Роль натуральных киллеров в уничтожении иммунных комплексов. При вирусной инфекции помимо Т-киллеров в реакцию уничтожения вирусинфицированных клеток могут вступать натуральные киллеры, на поверхности которых имеются Fc-рецепторы для антител класса G (G1, G3). Естественные киллеры своими Fc-рецепторами вступают во взаимодействие с иммунными комплексами "IgG-антиген", в качестве антигена в которых выступает вирусзараженная клетка. После взаимодействия с имунными комплексами естественные киллеры активируются и выделяют содержимое своих гранул, связанных с плазматической мембраной, на поверхность. В составе гранул естественных киллеров содержатся вещества, подобные таковым в гранулах Т-киллера, в частности, перфорин и гранзимы. Перфорин встравивается в мембрану антигена (вирусинфицированной клетки), образует в ней поры, предопределяя дальнейшее насасывание клеткой воды и ее гибель.

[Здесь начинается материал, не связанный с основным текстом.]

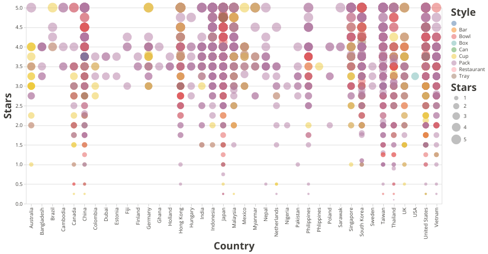 A visualization constructed using the vega-lite-api. The visualization is all about Ramen Ratings! The picture includes information about the ramen score, style and which country it comes from.

Роль тучных клеток в обезвреживании антигенов. Тучные клетки (аналоги базофилов крови) концентрируются главным образом в местах наиболее вероятной встречи с патогенами внешней среды (в соединительной ткани кожи, подслизистой дыхательной, пищеварительной и мочеполовой трубок, в периваскулярной соединительной ткани) и обеспечивают борьбу с патогенами, проникшими из окружающей среды через эпителиальные пласты внутрь организма. На поверхности тучных клеток содержаться Fc-рецепторы для IgЕ, проявляющие высокую аффинность к иммунноглобулинам этого класса. Между тем, высокая аффинность рецепторного взаимодействия Fc-рецепторов тучных клеток с IgЕ не является гарантией активации тучных клеток. Для активации тучных клеток необходимо еще и чтобы антиген за счет перекрестного сцепления с соседними IgЕ образовал агрегаты на поверхности тучной клетки. Только после образования антигенных агрегатов на поверхности тучных клеток происходит их активация, сопровождающаяся первоначальным выделением гистамина и гепарина. Данные медиаторы воспаления характеризуются кратковременным периодом жизни, но за время своего существования обуславливают локальное увеличение кровотока и проницаемости сосудов в месте активации тучных клеток проникшим патогеном, выявившим сродство к иммунноглобулинам класса Е. Возникающая реакция под действием гистамина и гепарина развивается очень быстро и проявляется в образованиии отека (вследствие усиленной эксудации плазмы), миграции лейкоцитов (прежде всего, нейтрофилов) в очаг инфицирования, развитии покраснения и зуда (в случае развертывания этих процессов в соединительной ткани кожи). Иными словами в очаге проникновения патогена благодаря активации тучных клеток имунными комплексами "IgЕ-антиген" инициируется острая воспалительная реакция, сама по себе носящая защитный характер и обеспечивающая локализацию и последующее уничтожение патогена.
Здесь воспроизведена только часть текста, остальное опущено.